A propos of the larger (largest?) point, at least Science admits it is but a magazine, not a true (any more) scientific journal. As it now relegates the methods to ephemeral web sources, it can no more be considered a scientific journal of record. Nature has yet to admit the same, but we all know it is but a matter of time.

But, I want to raise a smaller (smallest?) point: Science (the magazine) assumes/almost demands that submissions be in MS Word format. Despite the fact that many (most?) real scientists prepare their manuscripts in LaTeX, Science provides at most pitiful/useless TeX/LaTeX/BibTeX submission support. Why do we, as the academic science community, tolerate this? We should shun Science magazine for that reason alone, never mind the fact that it publishes inadequate reports, and has lately become the mag for professional science shills.

Ken Weiss said...

where did they admit that? I would like to see it!

I have never used LaTeX, and wonder if there isn't a Word-LaTeX translator program avaiable. In any case, I assume this has to do with the practical aspects of physical publication, that is, how compositors--whatever they're called these days--actually set up the printing machines. Not just to treat scientists like secretaries (who use Word because you don't have to know much to type things*).
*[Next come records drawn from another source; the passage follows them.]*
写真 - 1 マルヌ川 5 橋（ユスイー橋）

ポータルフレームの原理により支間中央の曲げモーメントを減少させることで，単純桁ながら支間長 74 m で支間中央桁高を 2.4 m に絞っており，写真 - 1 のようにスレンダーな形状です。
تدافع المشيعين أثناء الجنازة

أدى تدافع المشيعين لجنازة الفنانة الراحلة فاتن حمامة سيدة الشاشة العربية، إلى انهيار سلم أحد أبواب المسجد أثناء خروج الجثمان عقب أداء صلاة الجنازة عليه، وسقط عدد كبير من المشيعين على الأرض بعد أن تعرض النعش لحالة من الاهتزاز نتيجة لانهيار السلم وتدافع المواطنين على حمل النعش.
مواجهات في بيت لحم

*Well, actually, I've insulted secretaries: they know a hell of a lot more about how to use Word and all its excessive features than I do!

Anne Buchanan said...

And John, of course your point about LaTeX reflects the larger issues about publication that are yet to be settled, as reflected in the Elsevier boycott and increasing use of arXiv and the push for open access and so on. As long as scientists feel the benefits of publishing in Science are greater than the benefits of having control over the process, they'll keep submitting to Science in Word. And of course Science counts on just that.

John R. Vokey said...

I meant that Science explicitly cites itself as "Science magazine", not a journal.
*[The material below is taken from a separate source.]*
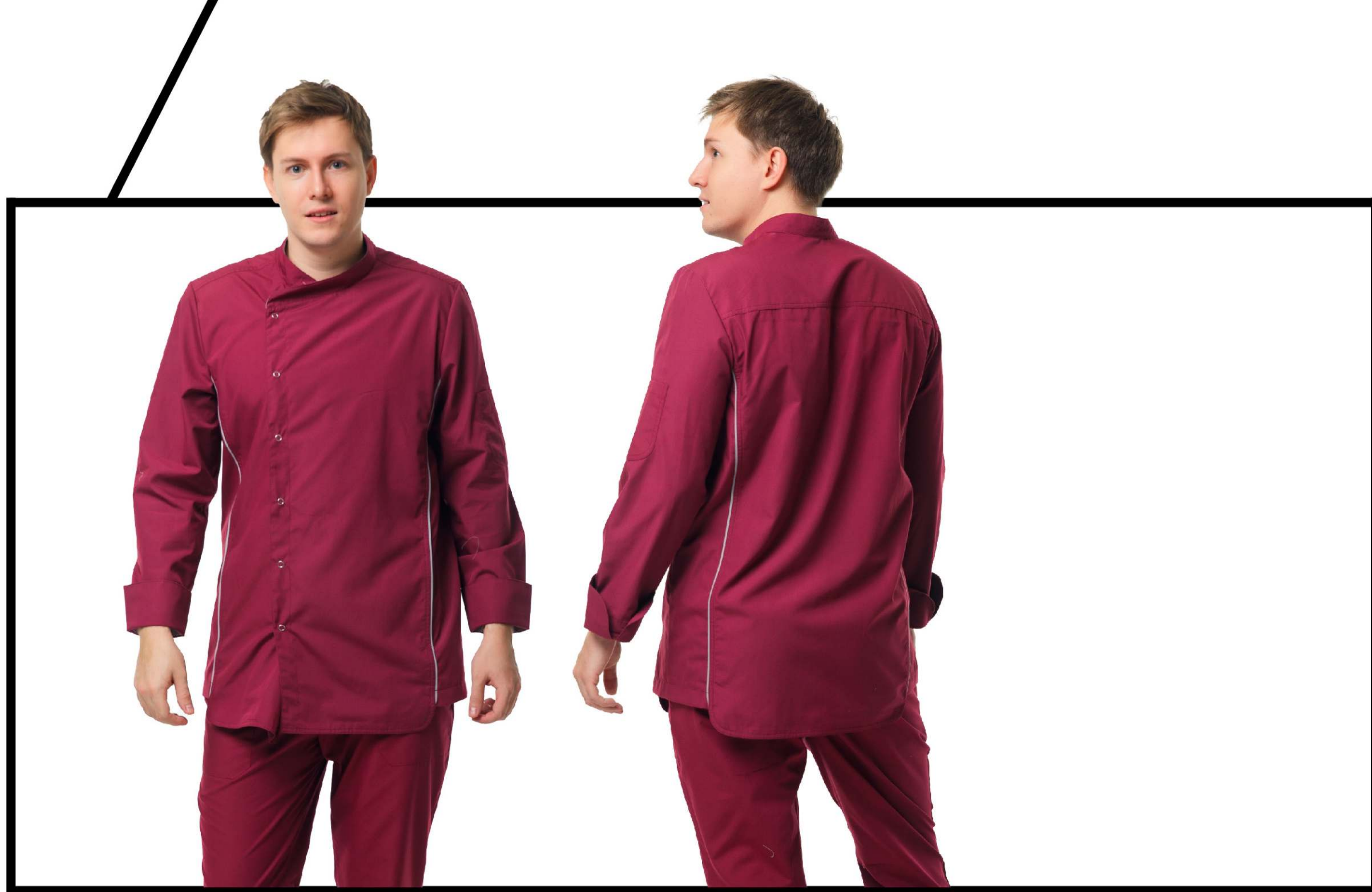
Арт. 2-643 Блуза мужская

Размеры: с 50 по 70 Ткань: сатори-стрейч

There are Word to LaTeX translators (as well as the reverse), but few of them work all that well. But my point was just how bizarre it is that the leading science publication uses a proprietary (and clumsy) word-processing program to typeset its articles, when the scientists submitting the articles are already using a brilliant, open-source typesetting language/system (i.e., TeX/LaTeX). For those who are convinced that a Word-like system is the only way to write, there is LyX---an open source, TeX/LaTeX system with a WYSIWYG interface.

Ken Weiss said...

They would not consider themselves to be a 'journal'? A surprise to me, though the truth is that they are a mix of journal and magazine. And while they're for a membership organization and should not in that sense be out pandering credit cards and so on and all their hyping, they might argue that this is the way to do the "Advancement of Science"

I have never used LaTeX, so I may have to give it a look, or more likely, explore LyX.....except that journals want Word.

It must be that old-style typesetting isn't done any more, and the new machine-editor interfaces are Word based, for better or worse.